EDIT: why is this downvoted? if I'm wrong somewhere I'd be glad to be told where I made the mistake.

EDIT: The step where I mentioned $n=7k+2$ may not be clear or justified so lemme just clear that up. $$n=7k+2$$ $$\implies n^3 = (7k)^3+3(7k)^22^1+3(7k)^12^2+2^3$$ $$\implies (7k)^3+3(7k)^22^1+3(7k)^12^2+7+1$$ $$\implies 7((7^2k^3)+3(7k^2)2^1+3(k^1)2^2+1)+1$$ $$\implies 7m+1$$

Answer 3

From $n^5+4n^4+3n^3+2022$ we get $$n^3(n+1)(n+3)\equiv1\pmod7$$ so if $f(n)=n^3(n+1)(n+3)$ the only classes modulo $7$ such that $f(n)=1$ are for $n=1,2$ and $5$. Then all the required solutions must be such that $$1\le7k+1, 7k+2,7k+5\le22$$ then the solutions are $1,2,5,8,9,12,15,16,19,22$ and consequently the required number of solution is $\boxed{10}$.

Answer 4

As you note, if $n$ is a solution then so is $n+7$, and hence it suffices to check whether $7$ divides $$n^5+4n^4+3n^3+2022,$$ for $0\leq n\leq 6$. It is easy to check that $2022\equiv6\pmod{7}$ and so the above reduces to $$n^5+4n^4+3n^3+6.$$ Clearly $n=0$ is not a solution.

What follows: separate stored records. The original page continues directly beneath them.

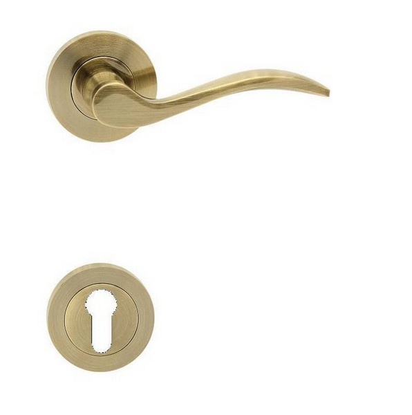 Rozetové kování Cobra KRISTINA-R Povrch: OFS(bronz česaný),OLV(mosaz leštěná) Provedení:BB(otvor pro dózický klíč),PZ(otvor pro cylindrickou vložku - FAB),WC,ROZMĚRY - šířka rozety: 52 mm, šířka kliky: 110 mm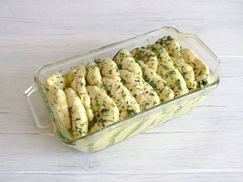 Возьмите прямоугольную форму. Смажьте тонким слоем сливочного масла. Каждую лепешечку укладывайте внахлест, в два ряда. Когда заполните форму, верх слегка прижмите ладонью, чтобы будущий хлеб имел ровную поверхность. Прикройте форму полотенцем и оставьте на 20 минут. За это время разогрейте духовку до 180 градусов. Через 20 минут поставьте выпекаться хлеб на 30-35 минут.
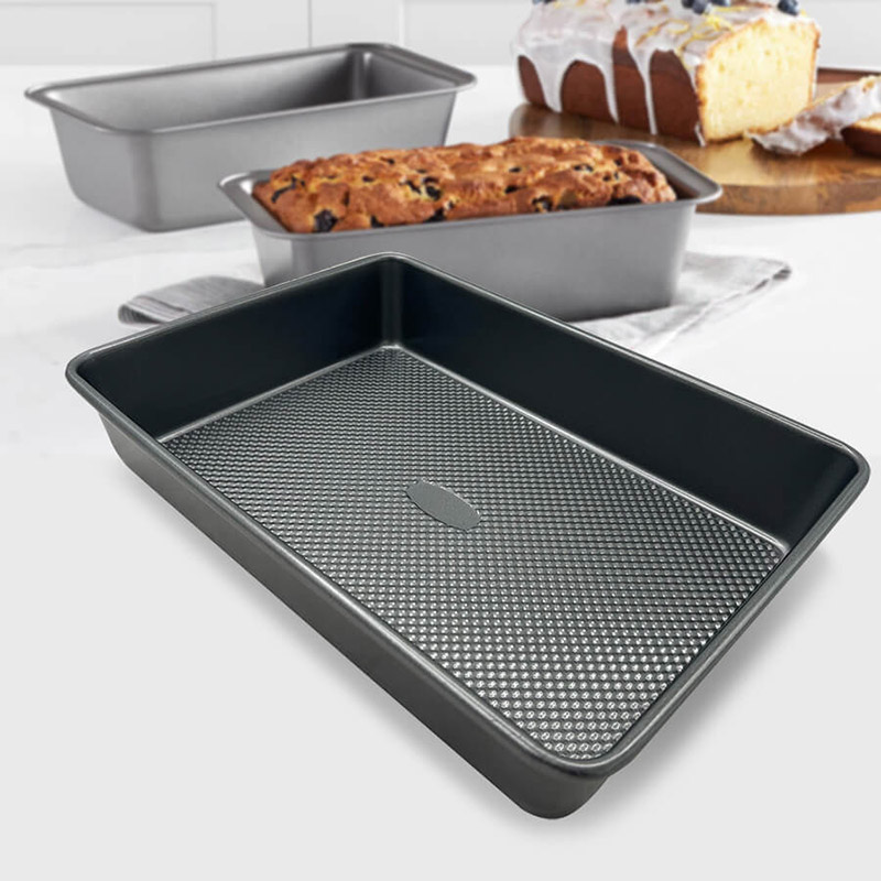 Прямокутна форма для випікання, зручна і практична, виготовлена з міцної вуглецевої сталі, забезпечує рівномірне прогрівання і відмінні результати приготування.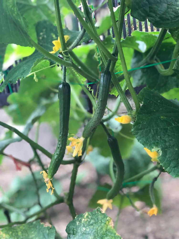 え、えー!昨日見た時は小指程のちびキュウリだったのに今朝見たら10センチ以上に伸びてる〜😳こんなに成長が早いことにびっくり😙

For all other $n$ you have $n^3=\pm1$ and so the above reduces to $$\pm(n^2+4n+3)+6.$$ Then it remains to compute six values of this quadratic for $1\leq n\leq 6$, which should be much quicker than computing six values for the original quintic.